Not Improved Enough
Menkes Disease is an X-linked recessive condition in which the affected person, almost always a boy, has progressive neurological problems and bladder infections starting in infancy and dies before 3 years. It's because of problems with enzymes involved in using copper. I don't exactly understand how the condition works, but it's fatal.
In this study, they described four boys with Menkes Disease who received an experimental treatment, parenteral copper histidine. One died at 10 years old and the other three were still alive at 20, 18 and 10 years old. One scored as mildly delayed on an IQ and the others scored normal, but all four were slower to learn motor skills and some had other learning differences such as ADD and speech delays. All of them had varying problems with blood pressure, ranging from low blood pressure on standing with no symptoms to repeated fainting and crawling up stairs to prevent fainting. A couple of them used a tricycle thing preferentially over walking because they were less likely to faint. Clearly, they are much better off with this treatment, and just as clearly, they are not normal.

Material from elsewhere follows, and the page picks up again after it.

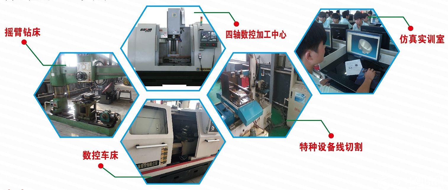 校內(nèi)實訓(xùn)基地建筑面積2400平方米,包含2個實訓(xùn)車間和2個CAD/CAM實訓(xùn)室。擁有數(shù)控車床20臺、立式加工中心4臺、全功能數(shù)控車床1臺、車銑中心1臺、線切割1臺、普通車床30臺和普通銑床、普通磨床、鉆床等多種先進的生產(chǎn)實訓(xùn)設(shè)備,實訓(xùn)設(shè)備總值達1500多萬元。

What really angers me about this article is the last paragraph in the discussion:
"However, enthusiasm about the use of copper-histidine treatment in second and subsequent affected males in MD families should be tempered by caution, since the residual abnormalities are quite substantial in all patients, and some of the connective tissue abnormalities may become more disabling later in life. At present, the treatment should still be regarded as experimental and not yet a serious alternative to prevention by early prenatal detection and termination of affected pregnancies for those who regard this approach as acceptable. Copper-histidine treatment is worthy of consideration for couples who cannot accept this approach."
In other words, they're improved, but not good enough to let them live. In the eyes of their doctor, those four boys/men were better off dead than even having that degree of disability. It makes me so angry. If one of the surviving men described here were to read this article, how would they feel to read that the life-saving treatment they received is not considered a serious alternative to preventing the birth of people like them?